The advantage is that each developer running tests and having a failing
test will know that he have to search for the problem in its local copy
and can skip the manual check of each "know failing test list".
What will happen when we'll have 423 failing tests and 613 passing? You
break something and they will be 424 failing and 612 passing: how do you
know what is the new failing one?? HOw do you rerun the only failing test?
I consider this as a limitations of our tools/workflow. Maybe there is
no practical solution.
I agree. But I work on james in a concrete way and not theoretically, so
I am +1 for everything that increase my productivity, -1 for everything
that decrease the productivity.
I don't care of a religious wars about how TDD works, how unit testing
works, and why the foo IDE is better than the bar tool.

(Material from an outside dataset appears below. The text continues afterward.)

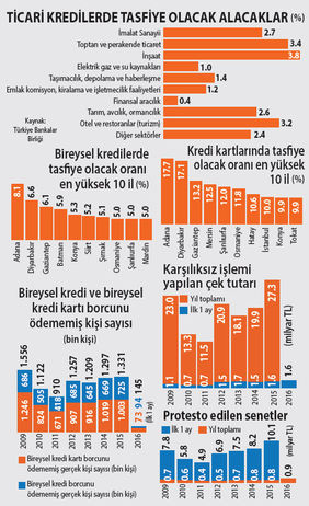- Bireysel kredi kartında tasfiye olacak alacak oranında yine yüzde 17.7 ile Adana ilk sırada. Onu yüzde 17.1 ile Diyarbakır, yüzde 13.2 ile Gaziantep, yüzde 12.5 ile Mersin, yüzde 12 ile Şanlıurfa onu da Osmaniye ve Hatay izliyor. Bu nedenledir ki bireysel kredi ve kredi kartı borcunu ödeyemeyen kişi sayısı 2015’te 1 milyon 331 bin ile 2009’dan sonra en yüksek düzeyine çıktı. Ocaktaki rakam da 145 bin ile geçmiş yılların üstünde ve bu yılı 1.5 milyonun üzerinde bitirmeye adayız.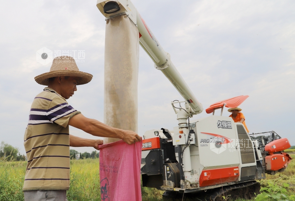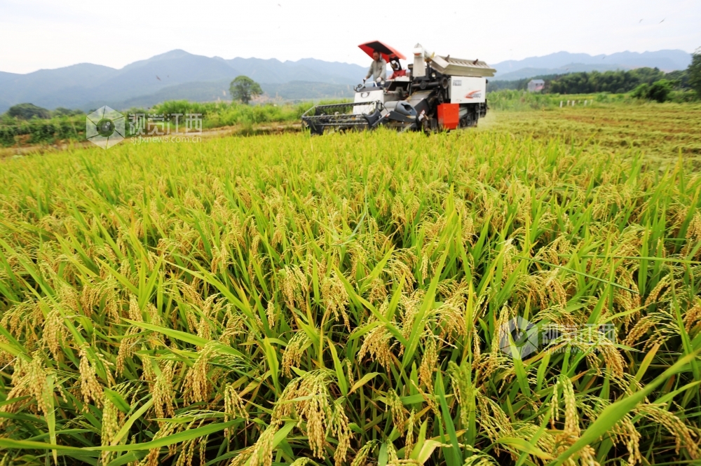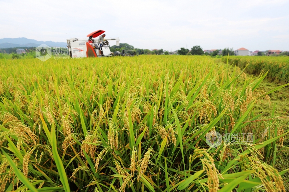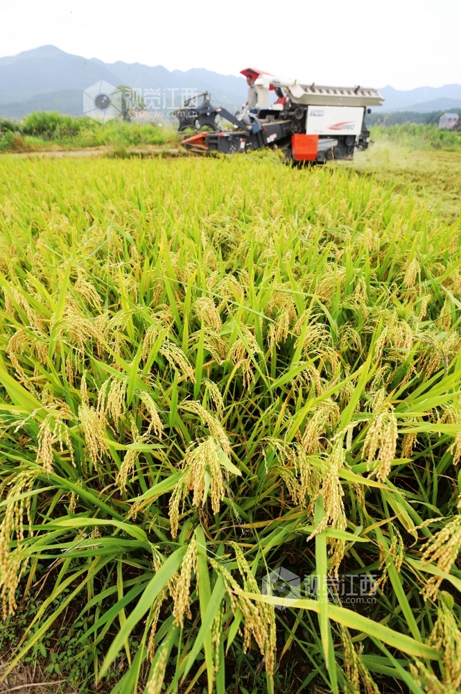 7月15日,江西省安福县洲湖镇汶源村收割机在收割早稻,安福是全国商品粮基地县之一,今年该县早稻平均亩产均在450公斤左右,预计全县今年总产可达16.2万吨,较去年增长2.5%。眼下,该县进入早稻收割高峰期,该县组织2000余台收割机开展作业,截止7月14日,该县早稻收割进度过半,田头地角处处是丰收的喜悦。

I explained why I consider having all passing tests a *must*.
If the majority of committers prefer what you propose I will have to
change my way: if this change decrease my productivity but increase the
productivity of other committers I will of course accept it.
That does not necessarily mean every failing tests is a subject to
immediate fix. For example, this is not possible in
test-driven-development which is based on failing tests.
Would you accept failing tests used for TDD in James?
No, unless we start using TDD for james.
And if we decide to do this maybe we should define a different way:
separate test to be "solved" from the to be implemented one.
Right. That's a possibility to solve the "tool/workflow" issue. Maybe a
different TestSuite, a different test source folder or by naming of the
testclass. Ant would e.g. allow to ignore test classes that begin with
Future*.class or TDD*.class.
Well I don't want to start the TDD revolution right now. Another
possibility that came to my mind is committing TDD tests into sandbox.
They could be easily checked out and run from an IDE. (Eclipse:
"Required projects on the build path")
Joachim
Who is going to use TDD? How?
TDD has thousands of variations and any group using TDD has its own
pratices.
Let's talk about concrete things: are you going to use TDD? How do you
plan to work on it?
Once we have a list of committer working in a TDD way (or committer that
likes to have failing tests) we can decide how to coordinate our efforts
in order to optimize the work for everyone.